HAARP to bounce signal off asteroid in NASA experiment
Dec. 22, 2022
An experiment to bounce a radio signal off an asteroid on Dec. 27 will serve as a test for probing a larger asteroid that in 2029 will pass closer to Earth than the many geostationary satellites that orbit our planet.
The High-frequency Active Auroral Research Program research site in Gakona will transmit radio signals to asteroid 2010 XC15, which could be about 500 feet across. The University of New Mexico Long Wavelength Array near Socorro, New Mexico, and the Owens Valley Radio Observatory Long Wavelength Array near Bishop, California, will receive the signal.
This will be the first use of HAARP to probe an asteroid.
“What’s new and what we are trying to do is probe asteroid interiors with long wavelength radars and radio telescopes from the ground,” said Mark Haynes, lead investigator on the project and a radar systems engineer at NASA’s Jet Propulsion Laboratory in Southern California. “Longer wavelengths can penetrate the interior of an object much better than the radio wavelengths used for communication.”

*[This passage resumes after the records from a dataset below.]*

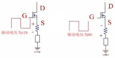 首先当驱动为高电平的时候,假设G对地有一个12v的电压,当MOS管开通的时候,因为di/dt比较大,有感电阻的电感可能出现上正下负的电压,这个时候GS点电压就小于12V。
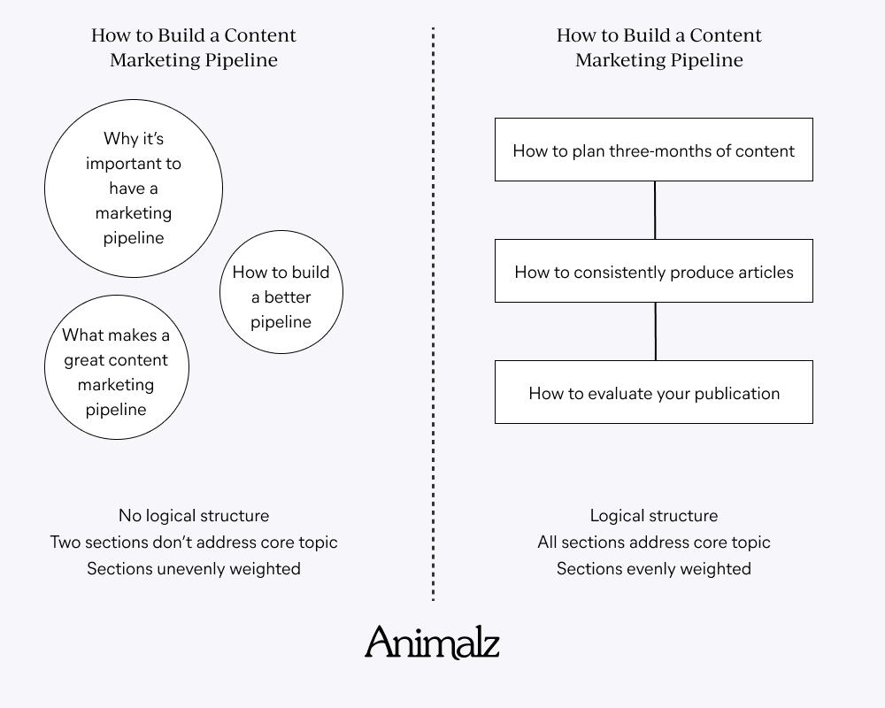 Вы можете видеть, как собственные исследования и рассуждения автора продиктовали структуру статьи: они открыли Google и спросили: «Ну, а зачем мне в первую очередь конвейер контента?» потом об этом писал. На первый взгляд, эта структура кажется разумной, но она совершенно не соответствует требованиям MECE.
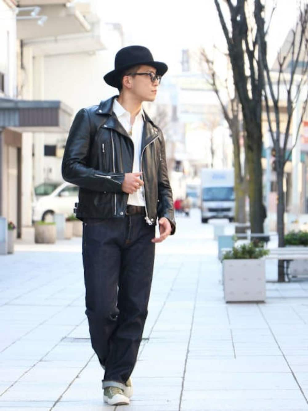Lewis Leathers カジュアル&ドレススタイル ルイスレザー永遠のスタンダードモデルである "LIGHTNING(ライトニング) ややシンプルめに仕上げた"402T"はダブルライダースの中でもコーディネートで万能に着て頂けるモデルです。 今回は極力、誰でも手に取り入れやすいスタンダードなアイテムで合わせたコーディネートです。 ブラックレザーと白シャツの色合いでコントラスト付け、RULERのMTF ルーズフィットデニムを合わせる事でキメ過ぎないカジュアルさを加えた合わせ方です。 最後にハットをワンポイントとして加えるのもおすすめです。 スタンダードな合わせ方こそ、揺るぎない格好良さがありますね。

Knowing more about an asteroid’s interior, especially of an asteroid large enough to cause major damage on Earth, is important for determining how to defend against it.

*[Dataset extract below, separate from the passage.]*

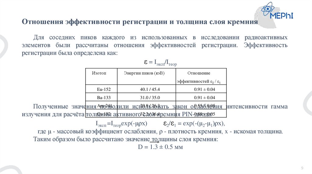 Отношения эффективности регистрации и толщина слоя кремнияДля соседних пиков каждого из использованных в исследовании радиоактивных
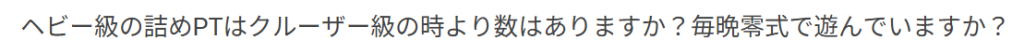 実は6.xあたりから火力詰めptに参加していません。そういうptじゃないただの野良で遊んでいます。装備が揃ってないので毎晩ではないです。

“If you know the distribution of mass, you can make an impactor more effective, because you’ll know where to hit the asteroid a little better,” Haynes said.
Many programs exist to quickly detect asteroids, determine their orbit and shape and image their surface, either with optical telescopes or the planetary radar of the Deep Space Network, NASA’s network of large and highly sensitive radio antennas in California, Spain and Australia.

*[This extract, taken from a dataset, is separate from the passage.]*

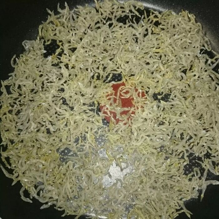 フライパンに、ごま油を回し入れ、ちりめんじゃこ投入~カリカリっと炒める〜♪
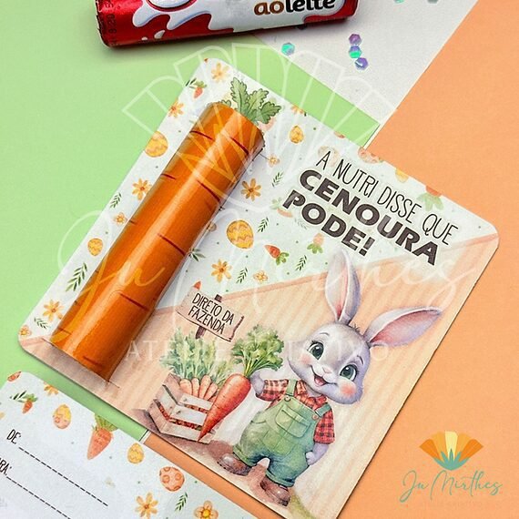 - O card tem espaço para colocar 1 chocolate Batom Garoto.

Those radar-imaging programs use signals of short wavelengths, which bounce off the surface and provide high-quality external images but don’t penetrate an object.
HAARP will transmit a continually chirping signal to asteroid 2010 XC15 at slightly above and below 9.6 megahertz (9.6 million times per second). The chirp will repeat at two-second intervals. Distance will be a challenge, Haynes said, because the asteroid will be twice as far from Earth as the moon is.
The University of Alaska Fairbanks operates HAARP under an agreement with the Air Force, which developed and owned HAARP but transferred the research instruments to UAF in August 2015.
The test on 2010 XC15 is yet another step toward the globally anticipated 2029 encounter with asteroid Apophis. It follows tests in January and October in which the moon was the target of a HAARP signal bounce.
Apophis was discovered in 2004 and will make its closest approach to Earth on April 13, 2029, when it comes within 20,000 miles. Geostationary satellites orbit Earth at about 23,000 miles. The asteroid, which NASA estimated to be about 1,100 feet across, was initially thought to pose a risk to Earth in 2068, but its orbit has since been better projected by researchers.
The test on 2010 XC15 and the 2029 Apophis encounter are of general interest to scientists who study near-Earth objects. But planetary defense is also a key research driver.
“The more time there is before a potential impact, the more options there are to try to deflect it,” Haynes said.
NASA says an automobile-sized asteroid hits Earth’s atmosphere about once a year, creating a fireball and burning up before reaching the surface.
About every 2,000 years a meteoroid the size of a football field hits Earth. Those can cause a lot of damage. And as for wiping out civilization, NASA says an object large enough to do that strikes the planet once every few million years.
NASA first successfully redirected an asteroid on Sept. 26, when its Double Asteroid Redirection Test mission, or DART, collided with Dimorphos. That asteroid is an orbiting moonlet of the larger Didymos asteroid.
The DART collision altered the moonlet’s orbit time by 32 minutes.
The Dec. 27 test could reveal great potential for the use of asteroid sensing by long wavelength radio signals. Approximately 80 known near-Earth asteroids passed between the moon and Earth in 2019, most of them small and discovered near closest approach.
“If we can get the ground-based systems up and running, then that will give us a lot of chances to try to do interior sensing of these objects,” Haynes said.
The National Science Foundation is funding the work through its award to the Geophysical Institute for establishing the Subauroral Geophysical Observatory for Space Physics and Radio Science in Gakona
“HAARP is excited to partner with NASA and JPL to advance our knowledge of near-Earth objects,” said Jessica Matthews, HAARP’s program manager.